* _ASSIGNMENT_
Return only the lines below starting at the line containing "111 – حكم استضافة وإسكان القريب تارك الصلاة" and ending at the line containing "The Happy Bug", both included, exactly as they are and with no pictures.

(Records contained in a dataset)

--------

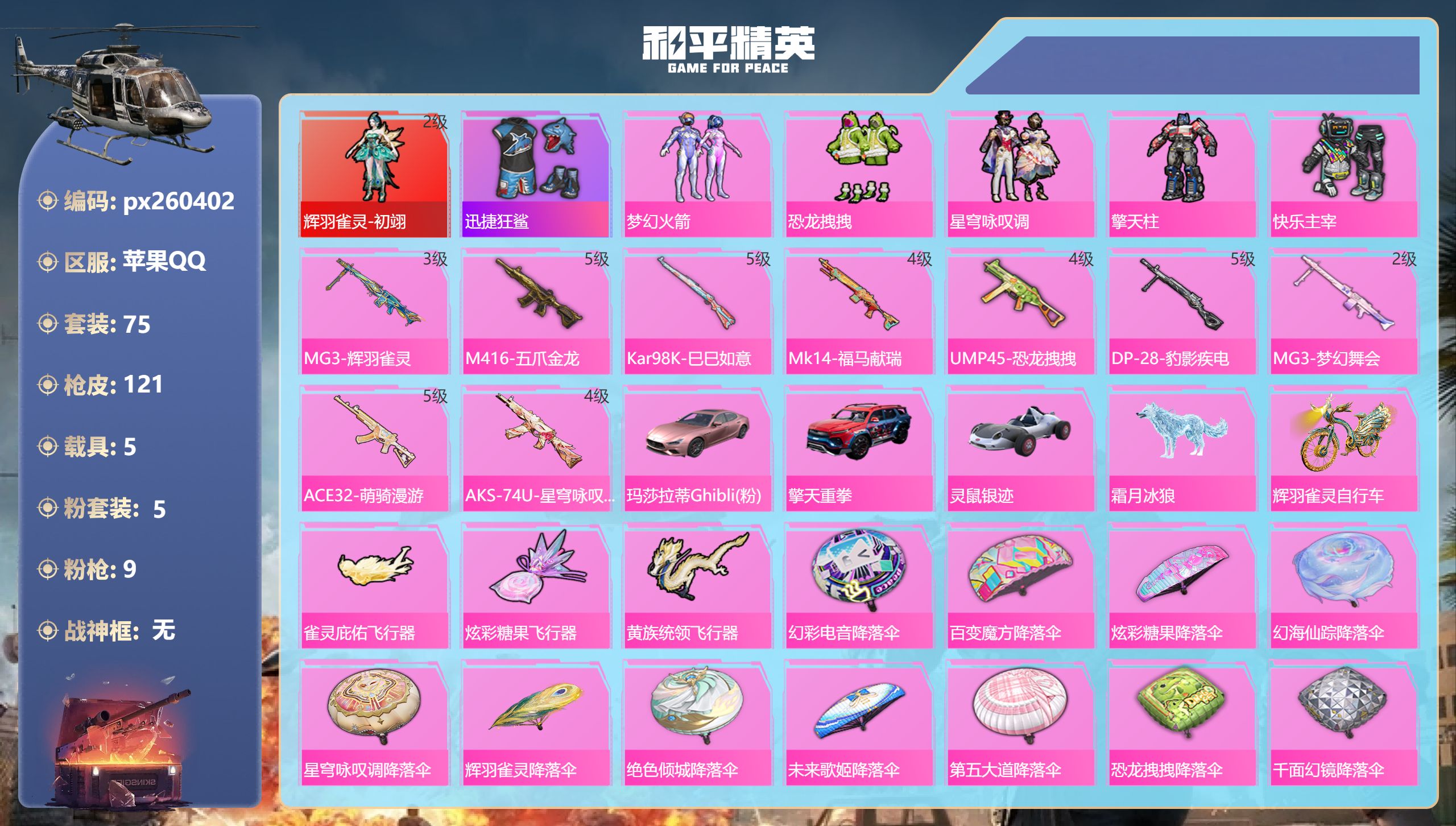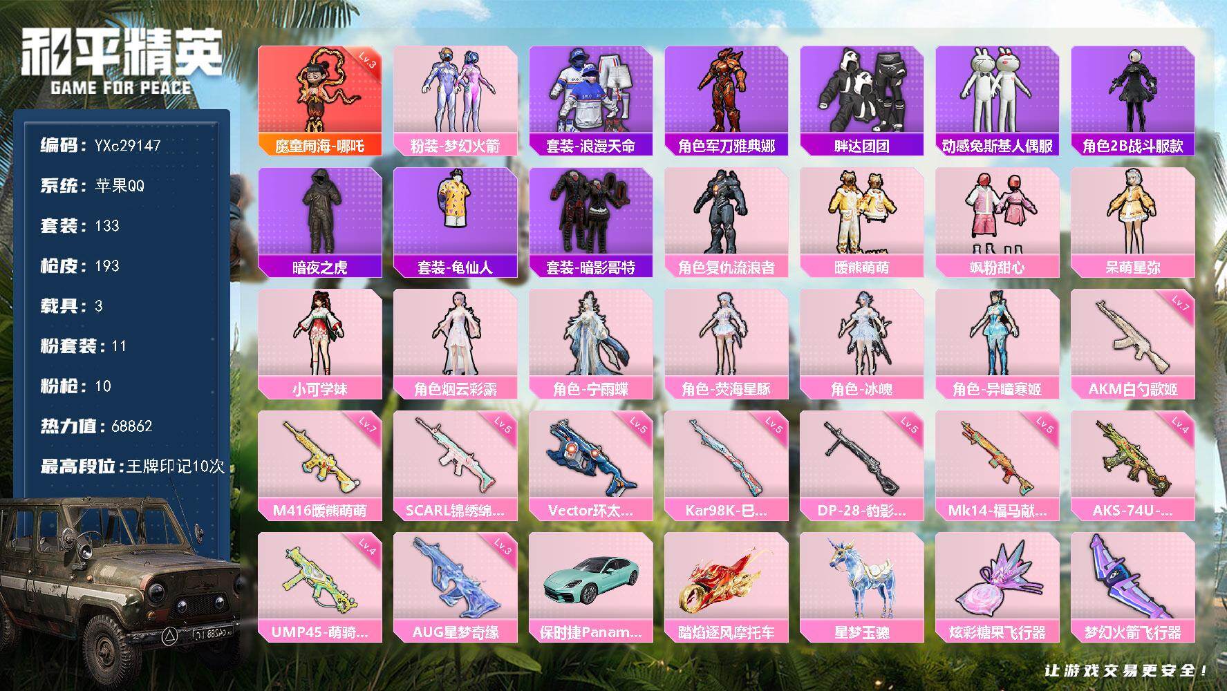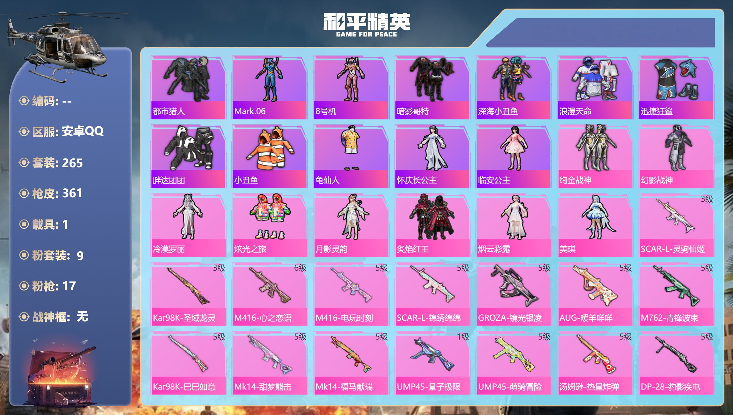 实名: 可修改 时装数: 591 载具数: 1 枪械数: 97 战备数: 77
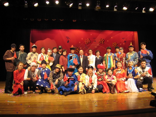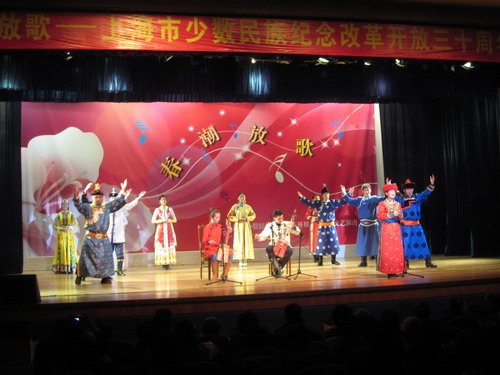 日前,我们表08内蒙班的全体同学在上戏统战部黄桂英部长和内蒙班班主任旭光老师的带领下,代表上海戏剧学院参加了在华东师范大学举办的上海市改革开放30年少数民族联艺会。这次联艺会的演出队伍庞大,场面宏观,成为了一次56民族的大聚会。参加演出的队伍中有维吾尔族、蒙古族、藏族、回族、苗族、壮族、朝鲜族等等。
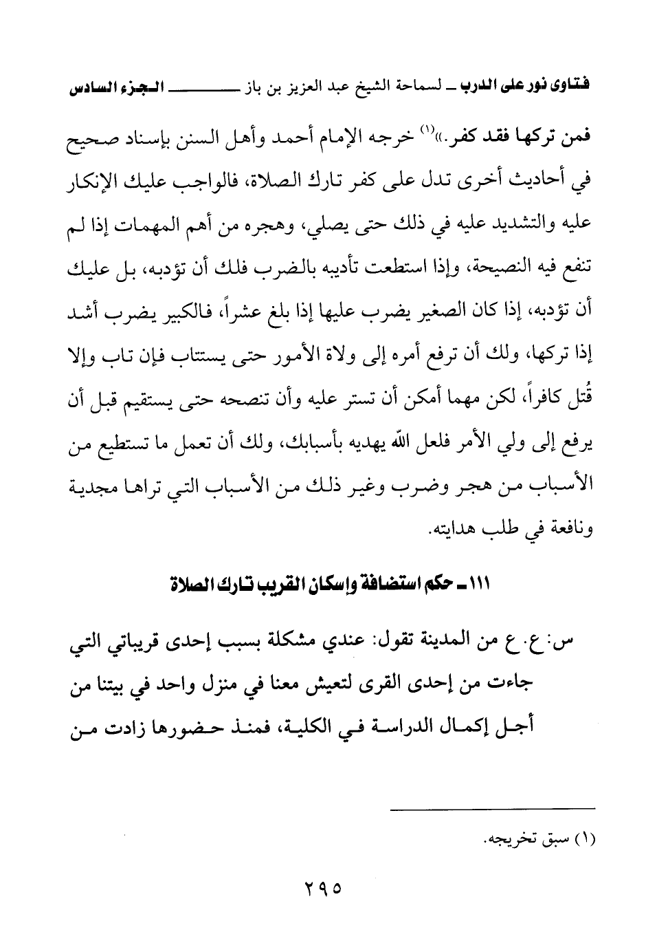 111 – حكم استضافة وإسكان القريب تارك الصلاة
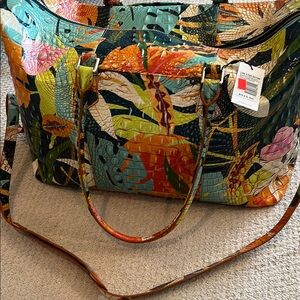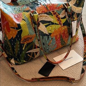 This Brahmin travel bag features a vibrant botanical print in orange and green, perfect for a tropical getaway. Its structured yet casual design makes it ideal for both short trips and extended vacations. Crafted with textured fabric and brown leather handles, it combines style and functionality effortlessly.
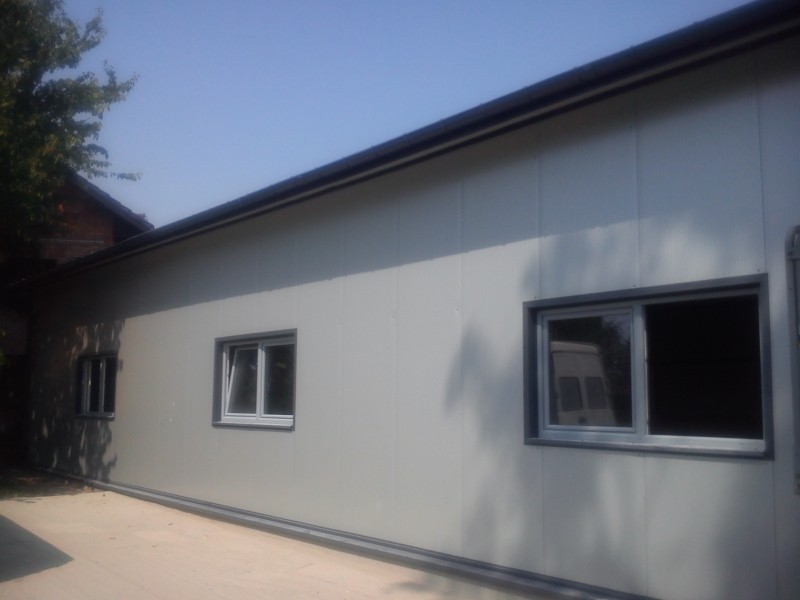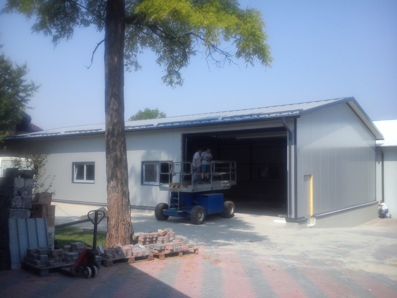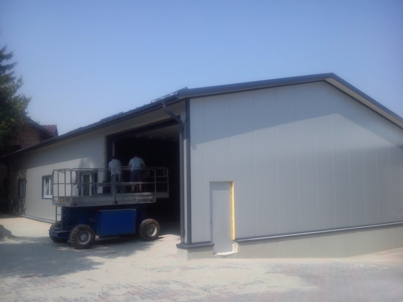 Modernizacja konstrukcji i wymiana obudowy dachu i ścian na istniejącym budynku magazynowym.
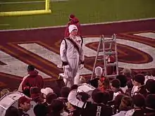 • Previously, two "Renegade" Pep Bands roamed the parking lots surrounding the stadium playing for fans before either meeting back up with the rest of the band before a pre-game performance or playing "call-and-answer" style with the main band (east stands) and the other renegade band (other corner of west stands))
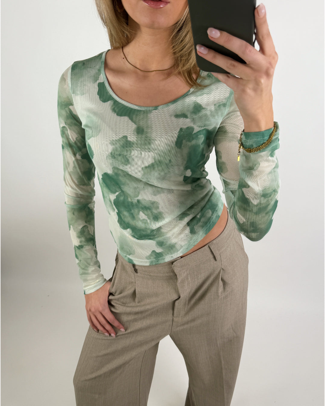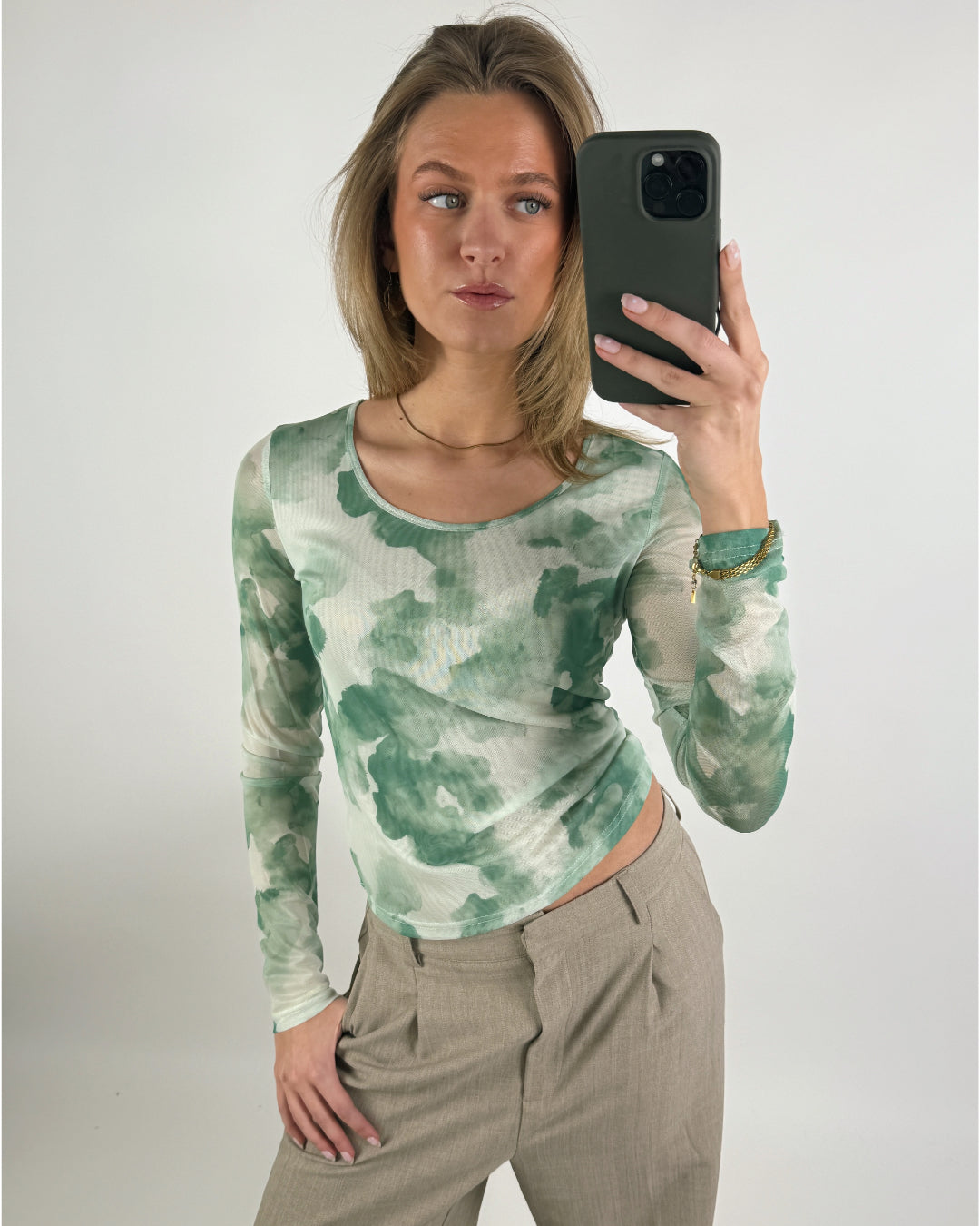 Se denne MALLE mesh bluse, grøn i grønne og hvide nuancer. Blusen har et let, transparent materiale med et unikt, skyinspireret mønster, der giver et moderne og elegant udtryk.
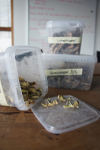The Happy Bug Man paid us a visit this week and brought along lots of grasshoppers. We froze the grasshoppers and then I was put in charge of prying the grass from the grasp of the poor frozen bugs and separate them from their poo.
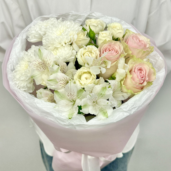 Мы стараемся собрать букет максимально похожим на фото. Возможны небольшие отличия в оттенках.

--------

* _ANSWER TO THE EXERCISE_
 111 – حكم استضافة وإسكان القريب تارك الصلاة
 This Brahmin travel bag features a vibrant botanical print in orange and green, perfect for a tropical getaway. Its structured yet casual design makes it ideal for both short trips and extended vacations. Crafted with textured fabric and brown leather handles, it combines style and functionality effortlessly.
 Modernizacja konstrukcji i wymiana obudowy dachu i ścian na istniejącym budynku magazynowym.
 • Previously, two "Renegade" Pep Bands roamed the parking lots surrounding the stadium playing for fans before either meeting back up with the rest of the band before a pre-game performance or playing "call-and-answer" style with the main band (east stands) and the other renegade band (other corner of west stands))
 Se denne MALLE mesh bluse, grøn i grønne og hvide nuancer. Blusen har et let, transparent materiale med et unikt, skyinspireret mønster, der giver et moderne og elegant udtryk.
The Happy Bug Man paid us a visit this week and brought along lots of grasshoppers. We froze the grasshoppers and then I was put in charge of prying the grass from the grasp of the poor frozen bugs and separate them from their poo.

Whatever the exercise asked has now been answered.